Finally, with regard to FIG. 6, an audio amplifier and headphone
switching module 122 supports the speaker and headphone jack and
communications port assembly 100.
[0061] The first embodiment 30 of the sonde and line locator system
of the present invention utilizes a graphic user interface (GUI) in
the form of words, numerical data, menus, symbols and icons to
indicate data and location information on the display 48 (FIG. 7).
This GUI is augmented by audible tones generated in the internal
speaker or headphones that are driven by the module 122 (FIG. 6)
through the audio jack portion of the assembly 100. The GUI allows
an operator to readily configure the system 30 and to easily locate
buried objects. The system 30 can be configured so that most of the
user menus time out if a selection is not made by the operator
within a predetermined amount of time. The system 30 can produce
two types of sounds, namely, signal sounds and event sounds. A
signal sound is related to increasing or decreasing signal
strength. It is a repeating scale that "winds" up when signal
sounds are associated with some specific occurrence.
[0062] Event sounds include:
[0063] Equator: Slot Machine
[0064] Pole: Clang
[0065] Line: Slot machine
[0066] Depth Avg. & Hold: Ding--Success
[0067] Depth Avg. & Hold: Buzz--Failure
[0068] Key Press: Click
[0069] Low Battery: Buzz
[0070] Power Down: Chime Sequence
[0071] Startup: Greeting (spoken)
[0072] A repeating scale audio tone is used to expand the
sensitivity of the system 30 to small changes in sensed and
visually indicated electromagnetic signal amplitude. The audio tone
can cycle from low to high or high to low in conjunction with
numerical values indicated on the display 48. Hysteresis is built
into the tonal switch portion of the audio amplifier and switching
module 122 (FIG. 6) so that the rising and falling switch points
are offset to prevent confusing up and down switching at the same
level of signal strength. If the sound is turned OFF, all sounds
except STARTUP and POWER DOWN are also turned off.
[0073] Referring to FIG. 7, the display 48 indicates the sonde
frequency 124, sonde level 126, active trace frequency 128, active
trace level 130, passive (AC) trace frequency 132, passive (AC)
trace level 134, audio level 136, battery level 138 and distance
(depth) 140. The display 48 also indicates the distance units 142,
overhead indicator 144, 3D field indicator 146, signal strength
148, 2D field indicator 150, horizontal field angle 152, gain level
154 and current strength 156. A few seconds after powering up, the
system 30 will allow the operator to select an operating mode from
a sonde mode at 512 Hz, an active line trace mode at 51 kHz, or a
passive AC line trace mode at 60 Hz. The default sonde mode, active
line trace mode, and passive AC passive AC line trace mode
frequencies can be set by software control elsewhere. Any of the
three modes can be selected by moving the highlight cursor and
pressing the select key 158 (FIG. 8) in the center of the keypad
106. The highlight cursor is illustrated in FIG. 7 as a small
horizontal rectangle inside the octagon in the display 48.
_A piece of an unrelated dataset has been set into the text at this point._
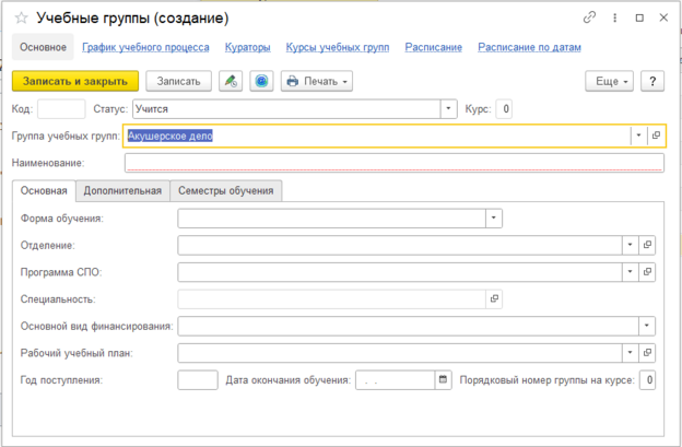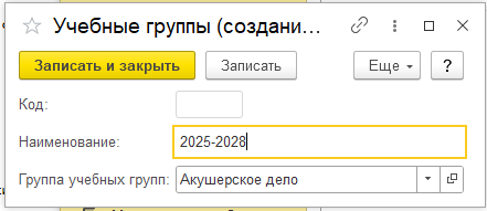 6. В открывшемся окне в поле "Группа учебных групп" выбираем ту группу которую создали, нажав на перевернутый треугольник и показать все. Заполнить поле "Наименование"

Alternatively, the operator can wait four seconds and the system 30
will automatically enter the highlighted mode.
[0074] Referring again to FIG. 8, the keypad 106 has a number of
other keys that can be manually depressed by the operator to select
options and execute commands. These include a menu key 160 that
opens and closes the main menu, a power ON/OFF key 162, an UP key
164 and a DOWN key 166. The UP key 164 enables the user to scroll
up through menu choices, initiate signal capture, and set the
signal and current level to 1000 ("1000 set" explained hereafter)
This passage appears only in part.